How to Import Goods into Kenya: A Step-by-Step Guide
Importing·· 9 min read

How to Import Goods into Kenya: A Step-by-Step Guide

Importing into Kenya is straightforward once you understand the sequence — but a single missing document or a wrong HS code can park your cargo at Mombasa for weeks while demurrage charges climb. This guide walks through every step a first-time or growing importer needs, in the order it actually happens.

Whether you are sourcing electronics from Shenzhen, fabric from Yiwu, or machinery from Europe, the process below is the same. The difference between a smooth import and an expensive one usually comes down to paperwork prepared before the cargo ever sails.

1. Register as an importer (KRA PIN and iTax)

Every importer in Kenya needs an active KRA PIN registered on iTax. Businesses also need a registered company and, for commercial volumes, a tax compliance certificate. Your PIN is what links every import entry, duty payment, and VAT claim back to you.

If you are importing as a business, make sure your PIN is registered under the correct obligations (VAT, income tax) before your first shipment — fixing this mid-clearance causes delays.

2. Source your supplier and confirm the landed cost

Before you commit, work out the full landed cost — not just the supplier's price. That means the goods value, international freight, insurance, import duty, excise (where it applies), import declaration fee, railway development levy, and VAT.

A good freight forwarder will give you a landed-cost estimate from the supplier's invoice and packing list, so you know your true cost per unit before you pay a deposit.

3. Raise an IDF and arrange pre-shipment inspection (PVoC)

An Import Declaration Form (IDF) is lodged on KRA's iCMS system for every commercial consignment. Many regulated products also require a KEBS Certificate of Conformity under the Pre-Export Verification of Conformity (PVoC) programme, inspected at origin before the goods ship.

Skipping PVoC on a product that requires it leads to destination inspection, penalties, and delays — so confirm your product category early.

4. Ship by sea or air

Sea freight through Mombasa is the most cost-effective route for bulky or non-urgent cargo; air freight through JKIA is faster for high-value, fast-moving stock.

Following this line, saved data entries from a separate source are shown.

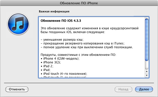 Наконец-то закончился скандал о слежке компании Apple за пользователями ее устройств. Очередное обновление iOS 4.3.3 фактически является элементарной заплаткой, предназначение которой закрыть наделавшую столько шума дырку, определяющую местоположение обладателей i-гаджетов. Новая прошивка не имеет принципиальных отличий от предыдущей — iOS 4.3.2.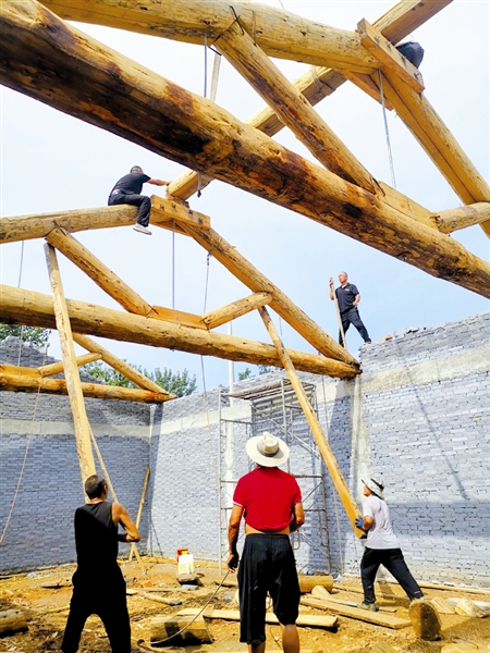 7月25日,在“中共豫西二地委渑池纪念馆”旧址修复工地,工人们加紧施工。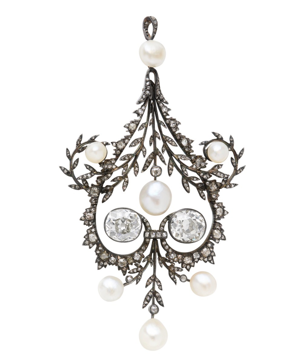 A Pearl and Diamond Pendant with button-shaped natural pearls, old and rose-cut diamonds, circa 1850.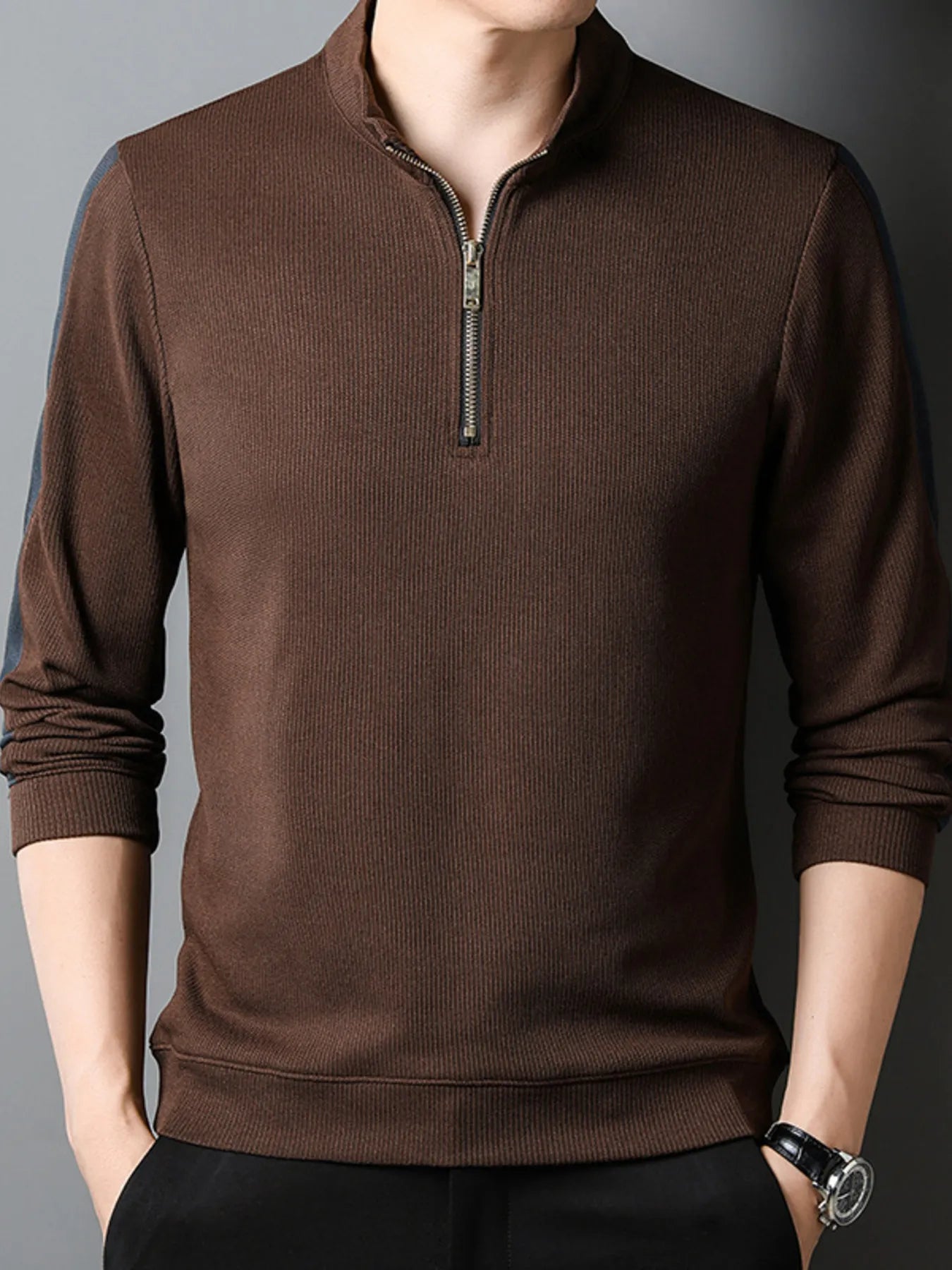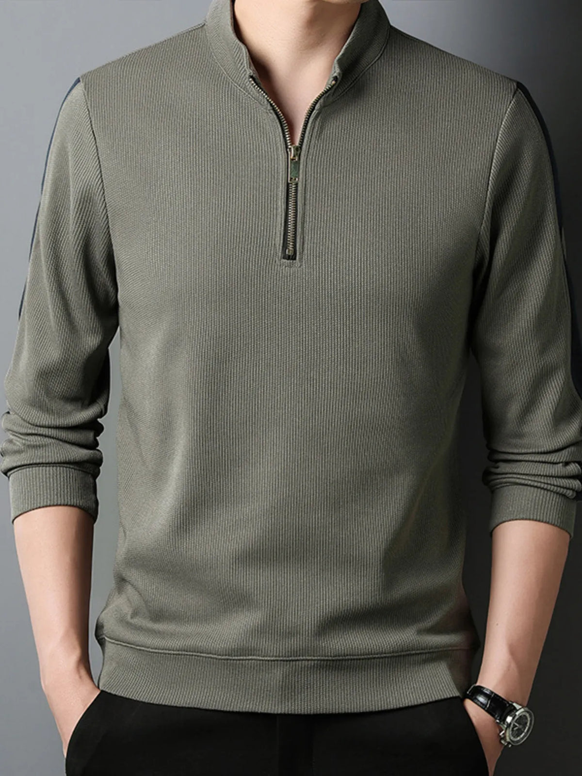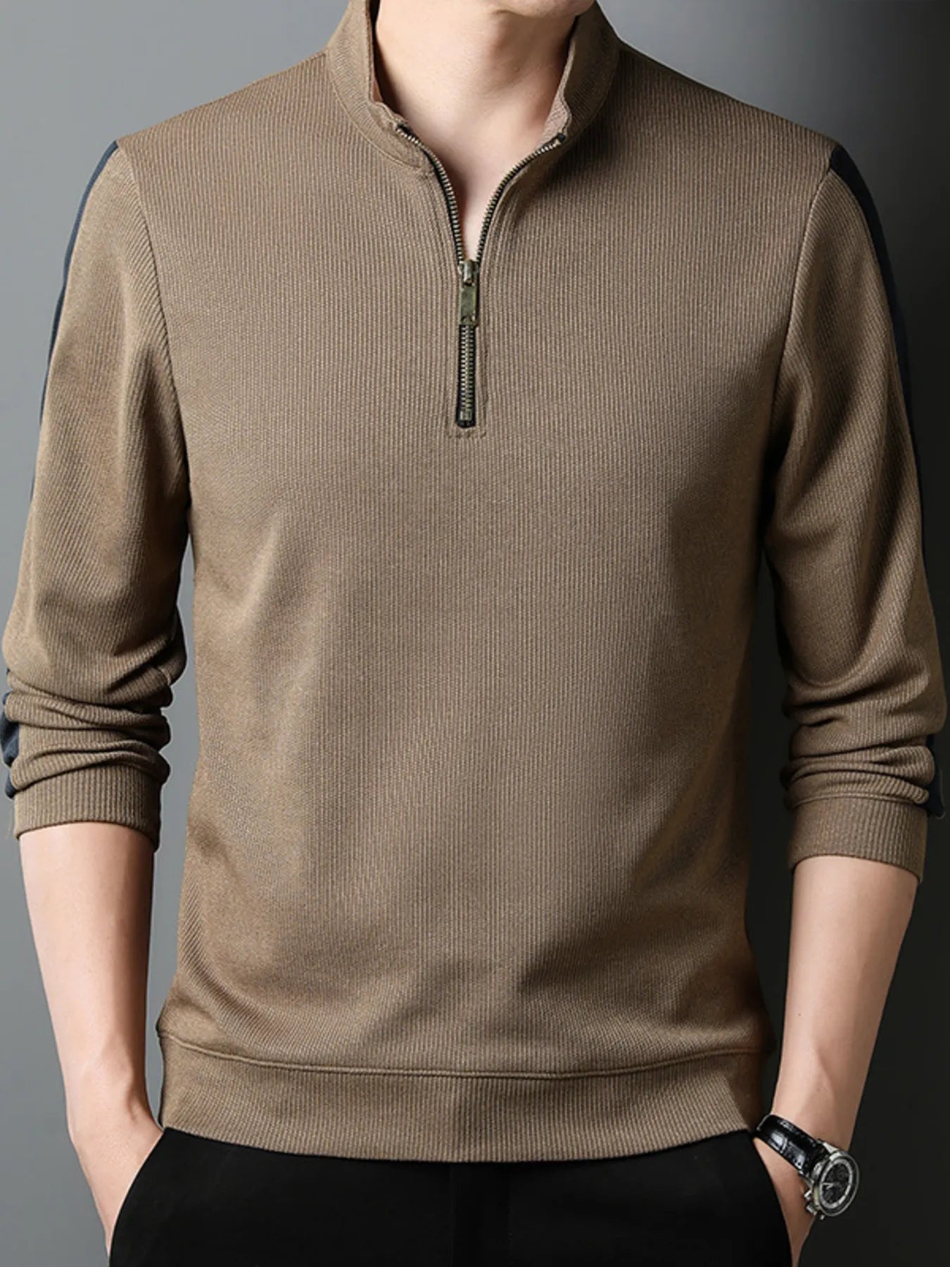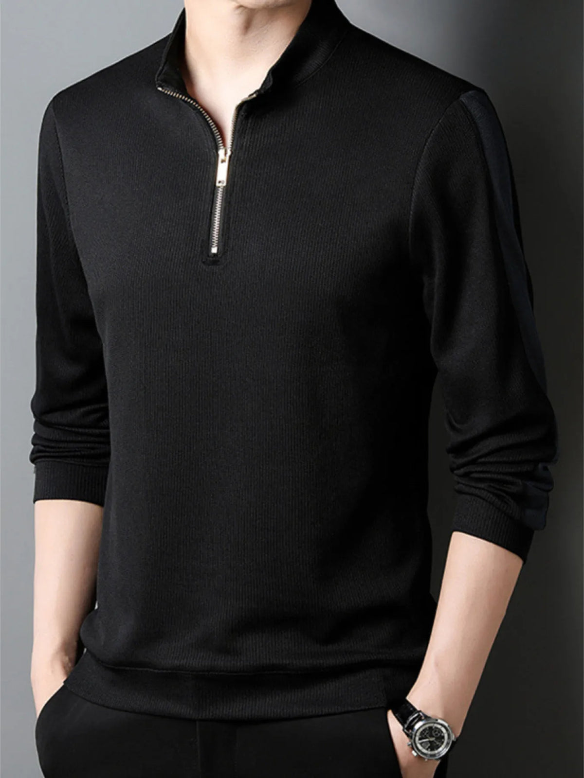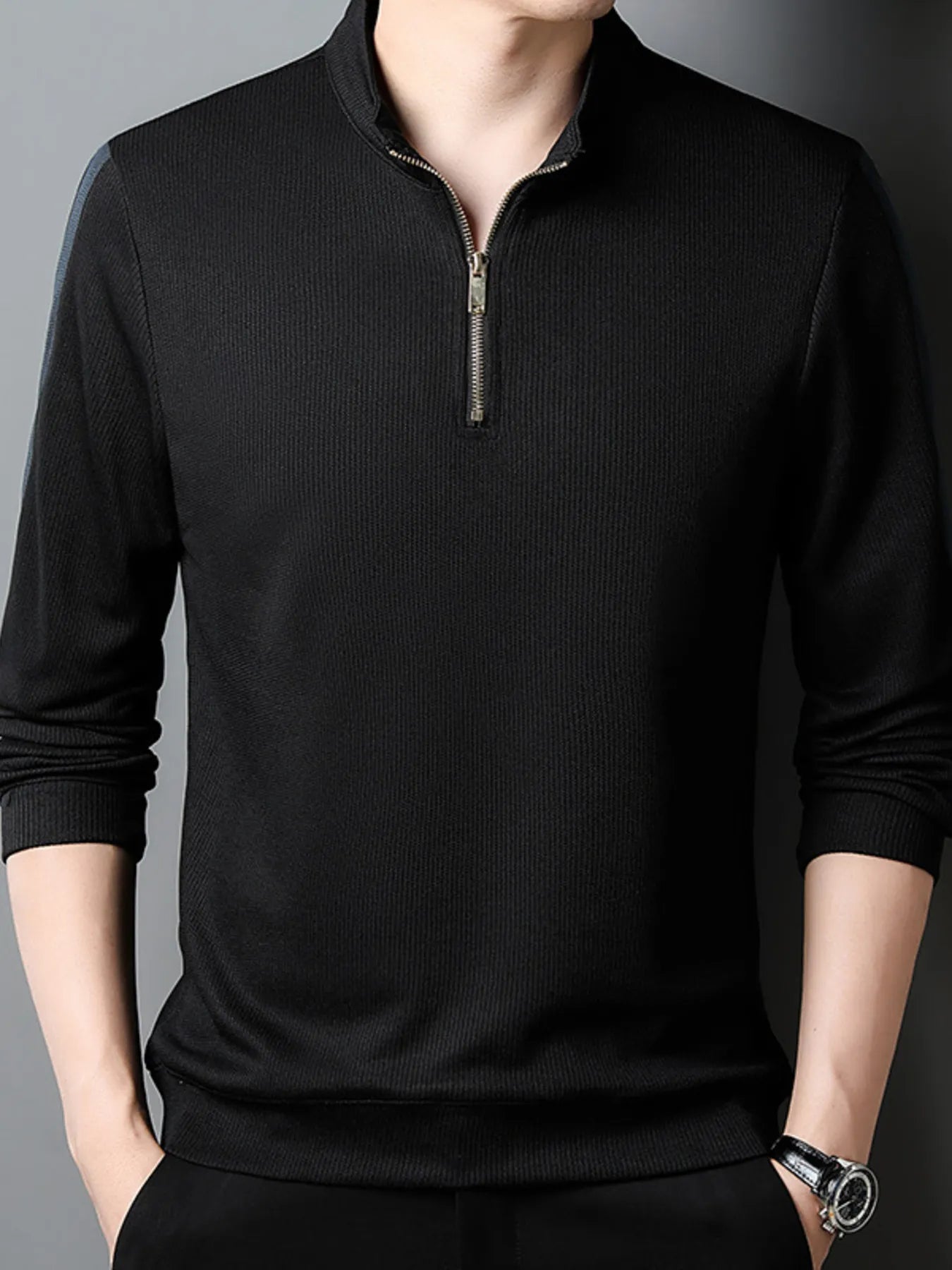 Men's Plus Size Quarter Zip Long Sleeve Polo

Your forwarder consolidates the cargo at origin, books the carrier, and issues the bill of lading or air waybill.

This is where the decision between sea and air really bites your margin — we break it down in our air-vs-sea guide linked below.

5. Customs clearance at the port

On arrival, a licensed clearing agent files the customs entry on iCMS, classifies your goods under the correct HS code, and pays the assessed duties and taxes on your behalf. KRA may select the consignment for verification before release.

Getting the HS classification right matters — it sets your duty rate and your compliance exposure. This is the single most common place importers overpay or get flagged.

6. Pay duties and take delivery

Once duties and taxes are paid and any inspections cleared, KRA issues a release order. Your cargo leaves the port or CFS and is transported to your warehouse or shop.

Plan your last-mile transport in advance so cargo isn't sitting in storage racking up charges the moment it's released.